§ REQUIRED ACTION: In your copy, leave out the pictures; write out all the data exactly.

§ DATA EXTRACT:
%%

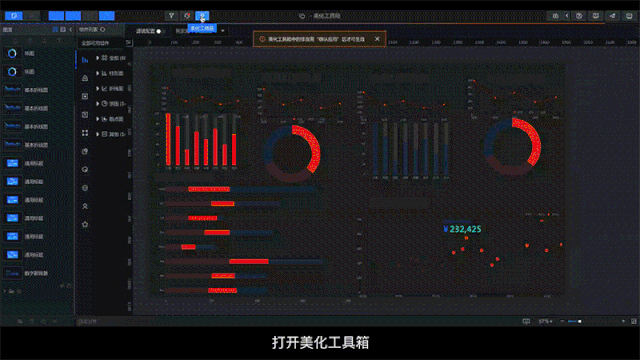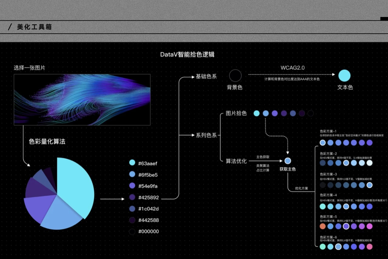 为了保证最终的设计交付质量,我们在DataV里推出了美化工具箱。你只需要接入你的数据,大致放好组件。DataV能通过算法识别到你的大致布局,而我们的设计专家系统会推测你的设计意图,并自动进行布局优化。例如如果想要对配色进行修改,只需要上传一张自己喜欢的图片,就可以通过智能主题功能从图片中吸取合适的色彩,在保留原图片风格的同时兼具美观和清晰度,实现大屏项目全局快速配色,减少繁琐操作。这背后不仅仅是简单的几条设计规则,而是可视化设计师对于布局规则、色彩原理、识别度规范、可视化标准进行充分归纳后形成的设计专家系统,和深度学习算法结合后,固化下来的综合经验。
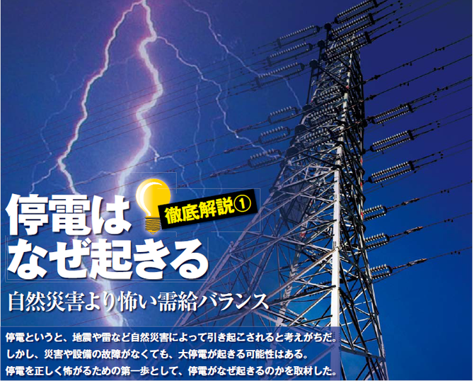 実は、この電力のバランスが、今まで以上にひっ 迫した状態になっている。福島第一原発の事故を機に、国内すべての原子力発電施設が停止している状 態で、今夏の電力消費量に対して、十分な電力の供 給量が確保できるかに電力各社は頭を抱えている。 問題は、このバランスが大きく崩れた場合だ。
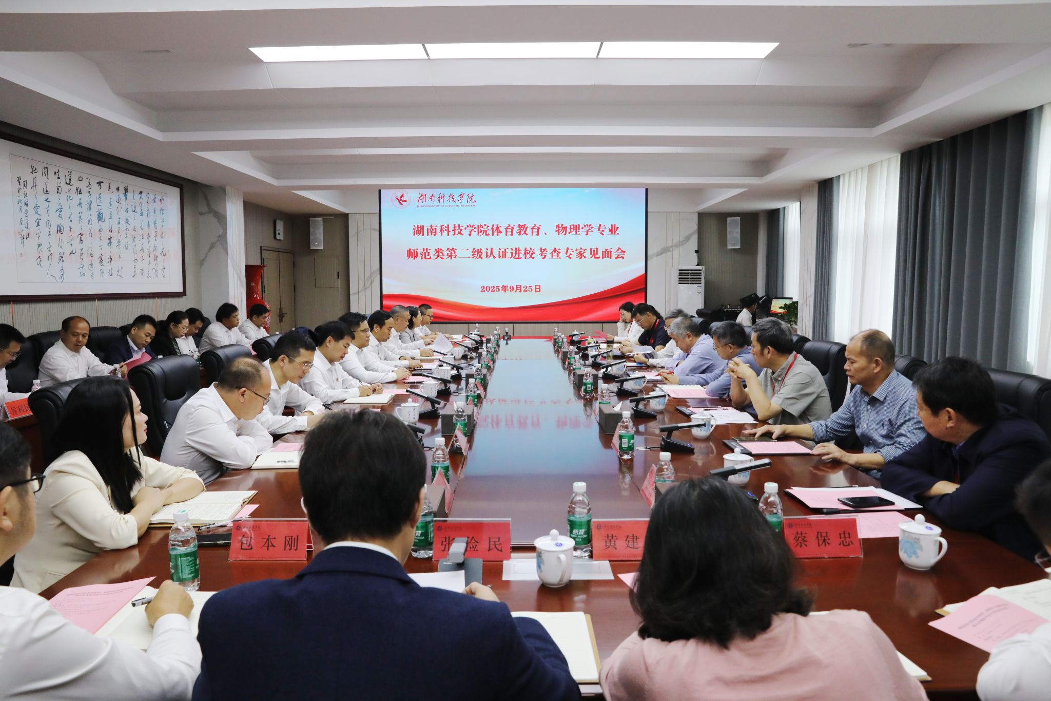本网讯(记者 孙淑娴 摄影 谢志豪)9月25日,学校召开体育教育、物理学两个专业师范类二级认证专家见面会,两个专业联合认证专家组全体专家,全体在校校领导、党委委员出席见面会。见面会分两个阶段,校党委委员、副校长何福林主持第一阶段会议。
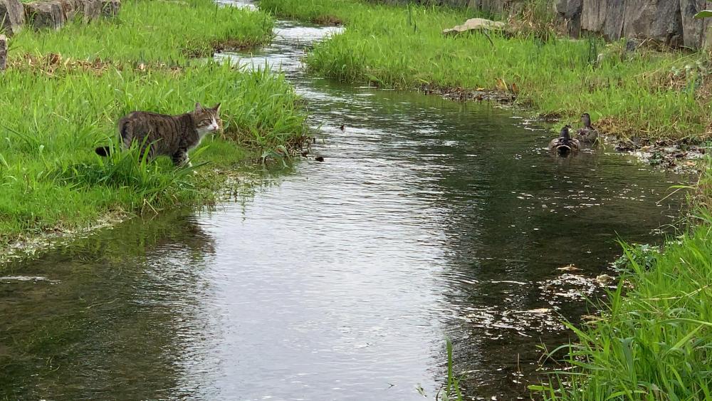 1. Taka sytuacja z lewej zniesmaczony kot, który zbyt długo się czaił na dwie kaczuszki - po prawej

%%

§ WRITTEN RESPONSE:
 为了保证最终的设计交付质量,我们在DataV里推出了美化工具箱。你只需要接入你的数据,大致放好组件。DataV能通过算法识别到你的大致布局,而我们的设计专家系统会推测你的设计意图,并自动进行布局优化。例如如果想要对配色进行修改,只需要上传一张自己喜欢的图片,就可以通过智能主题功能从图片中吸取合适的色彩,在保留原图片风格的同时兼具美观和清晰度,实现大屏项目全局快速配色,减少繁琐操作。这背后不仅仅是简单的几条设计规则,而是可视化设计师对于布局规则、色彩原理、识别度规范、可视化标准进行充分归纳后形成的设计专家系统,和深度学习算法结合后,固化下来的综合经验。
 実は、この電力のバランスが、今まで以上にひっ 迫した状態になっている。福島第一原発の事故を機に、国内すべての原子力発電施設が停止している状 態で、今夏の電力消費量に対して、十分な電力の供 給量が確保できるかに電力各社は頭を抱えている。 問題は、このバランスが大きく崩れた場合だ。
本网讯(记者 孙淑娴 摄影 谢志豪)9月25日,学校召开体育教育、物理学两个专业师范类二级认证专家见面会,两个专业联合认证专家组全体专家,全体在校校领导、党委委员出席见面会。见面会分两个阶段,校党委委员、副校长何福林主持第一阶段会议。
 1. Taka sytuacja z lewej zniesmaczony kot, który zbyt długo się czaił na dwie kaczuszki - po prawej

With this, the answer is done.